Input data section start

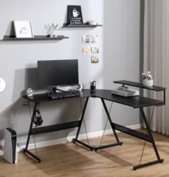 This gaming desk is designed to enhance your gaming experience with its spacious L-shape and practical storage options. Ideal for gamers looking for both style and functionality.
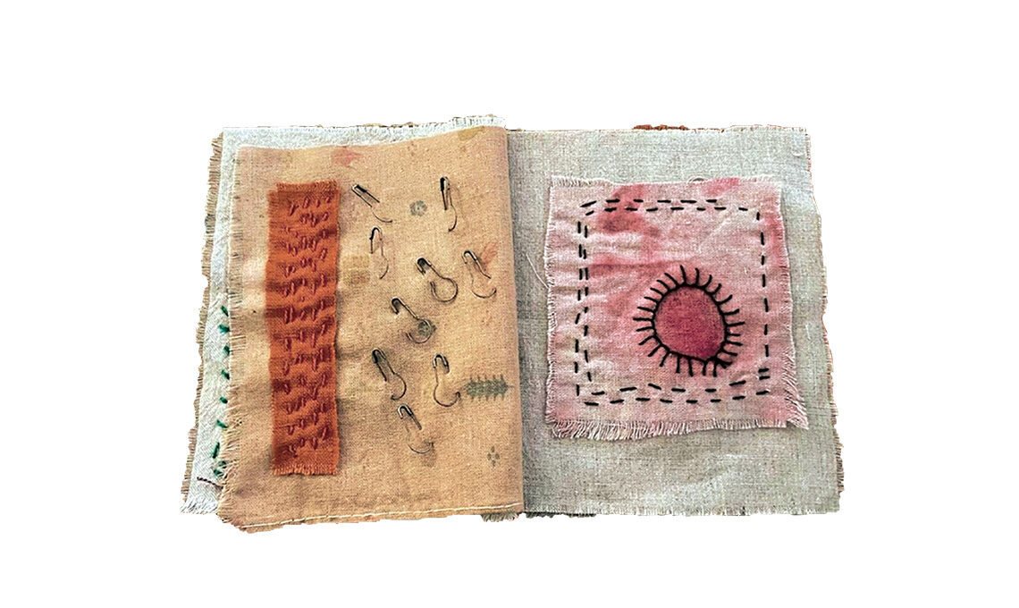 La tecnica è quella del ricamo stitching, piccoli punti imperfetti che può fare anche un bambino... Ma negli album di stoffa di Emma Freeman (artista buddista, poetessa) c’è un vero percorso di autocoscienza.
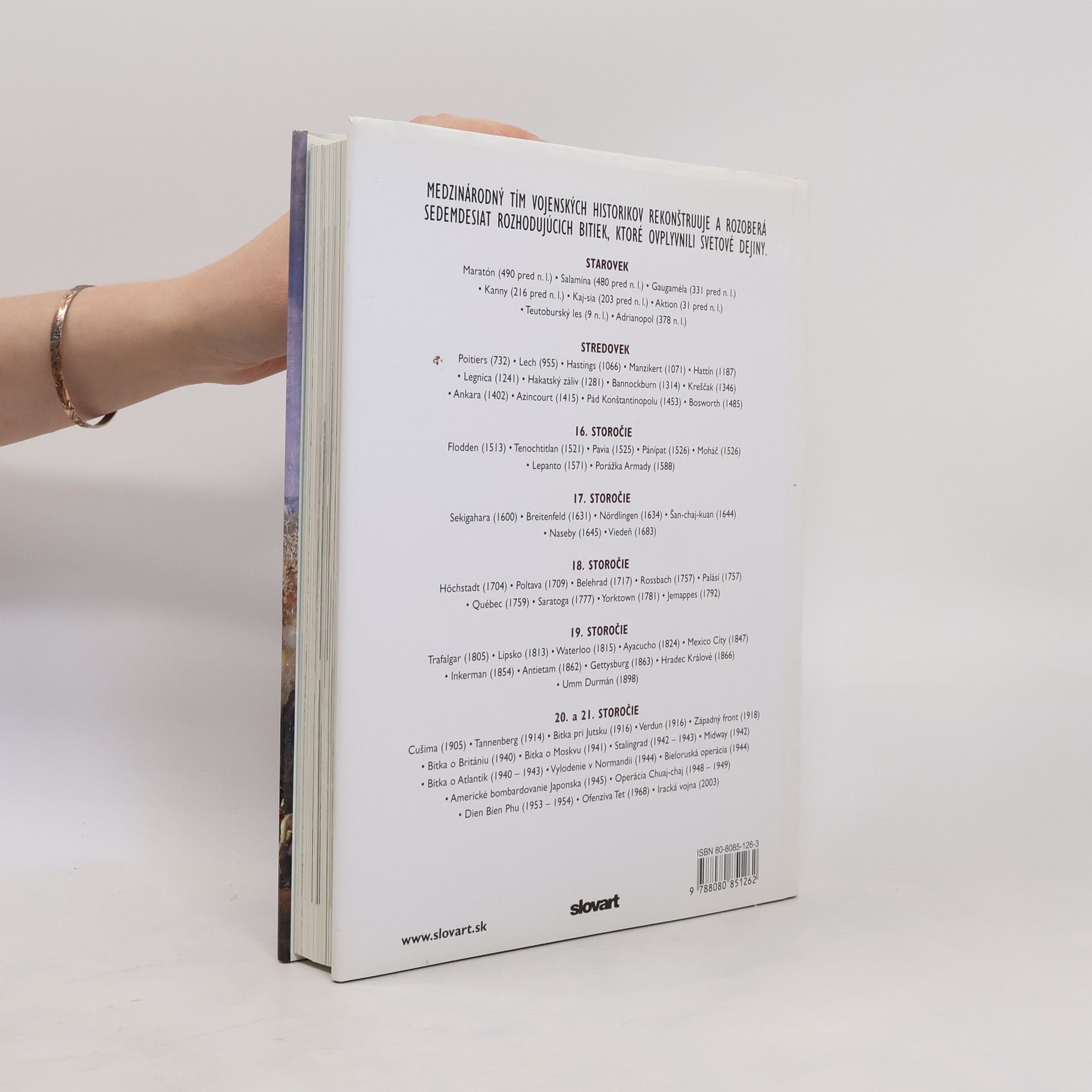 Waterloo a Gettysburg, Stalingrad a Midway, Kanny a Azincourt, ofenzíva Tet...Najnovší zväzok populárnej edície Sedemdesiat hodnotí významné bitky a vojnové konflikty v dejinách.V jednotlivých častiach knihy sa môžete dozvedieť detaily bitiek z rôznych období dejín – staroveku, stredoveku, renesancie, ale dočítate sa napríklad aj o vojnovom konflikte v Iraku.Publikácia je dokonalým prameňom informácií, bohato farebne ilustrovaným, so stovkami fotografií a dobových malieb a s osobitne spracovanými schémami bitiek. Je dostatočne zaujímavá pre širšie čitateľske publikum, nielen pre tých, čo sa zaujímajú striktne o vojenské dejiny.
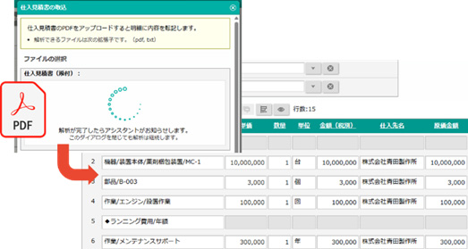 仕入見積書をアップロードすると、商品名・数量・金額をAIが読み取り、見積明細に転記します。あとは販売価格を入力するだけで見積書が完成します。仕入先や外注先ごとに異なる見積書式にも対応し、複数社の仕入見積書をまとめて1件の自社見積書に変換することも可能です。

Input data section end
Input data section start

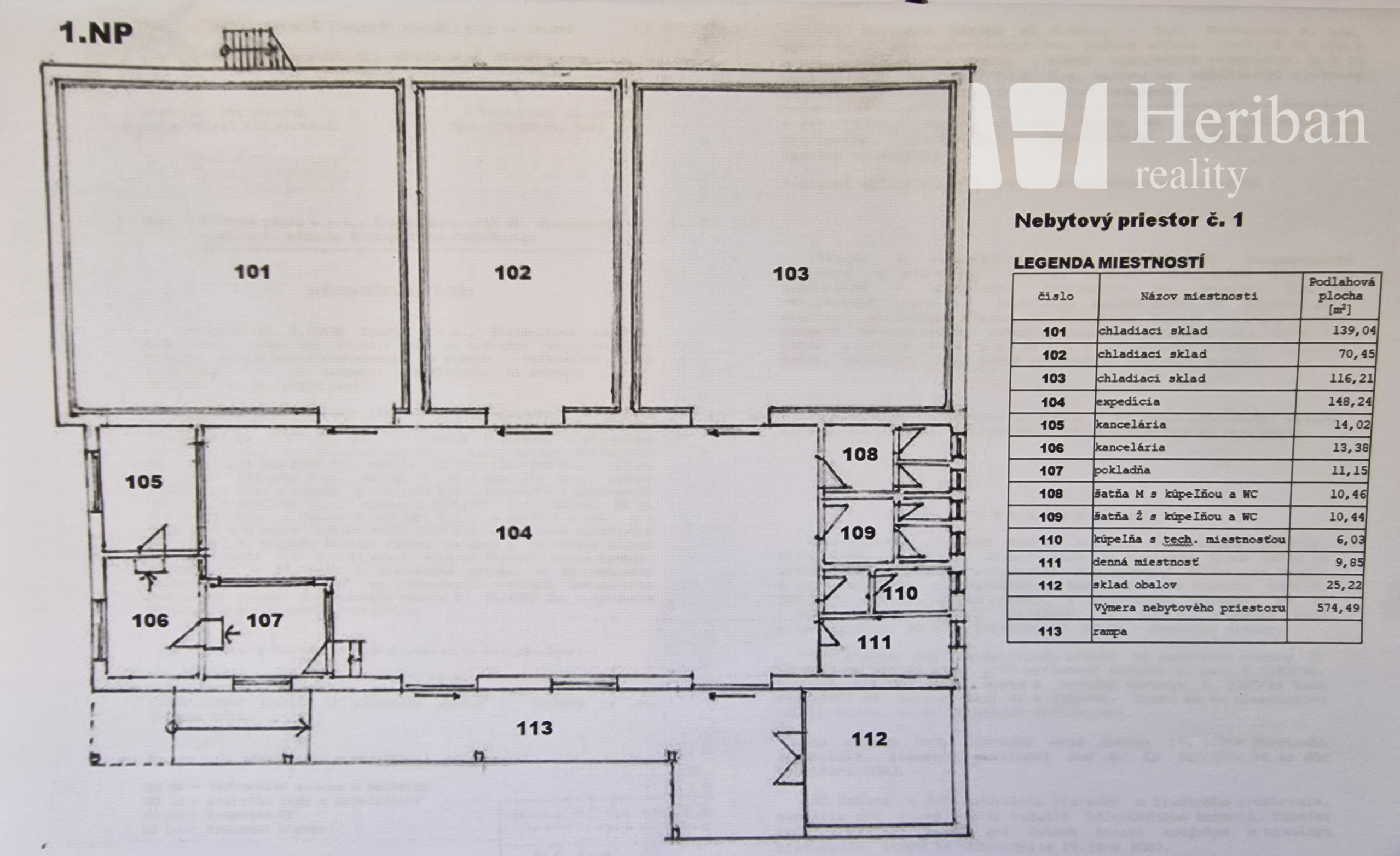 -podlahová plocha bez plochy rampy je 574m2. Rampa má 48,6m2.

Input data section end

* _About this exercise_
Using the entries above, transcribe every line from the line containing "This gaming desk" through the line containing "仕入見積書をアップロードする". Do not copy pictures.

* _Solution for this task_
 This gaming desk is designed to enhance your gaming experience with its spacious L-shape and practical storage options. Ideal for gamers looking for both style and functionality.
 La tecnica è quella del ricamo stitching, piccoli punti imperfetti che può fare anche un bambino... Ma negli album di stoffa di Emma Freeman (artista buddista, poetessa) c’è un vero percorso di autocoscienza.
 Waterloo a Gettysburg, Stalingrad a Midway, Kanny a Azincourt, ofenzíva Tet...Najnovší zväzok populárnej edície Sedemdesiat hodnotí významné bitky a vojnové konflikty v dejinách.V jednotlivých častiach knihy sa môžete dozvedieť detaily bitiek z rôznych období dejín – staroveku, stredoveku, renesancie, ale dočítate sa napríklad aj o vojnovom konflikte v Iraku.Publikácia je dokonalým prameňom informácií, bohato farebne ilustrovaným, so stovkami fotografií a dobových malieb a s osobitne spracovanými schémami bitiek. Je dostatočne zaujímavá pre širšie čitateľske publikum, nielen pre tých, čo sa zaujímajú striktne o vojenské dejiny.
 仕入見積書をアップロードすると、商品名・数量・金額をAIが読み取り、見積明細に転記します。あとは販売価格を入力するだけで見積書が完成します。仕入先や外注先ごとに異なる見積書式にも対応し、複数社の仕入見積書をまとめて1件の自社見積書に変換することも可能です。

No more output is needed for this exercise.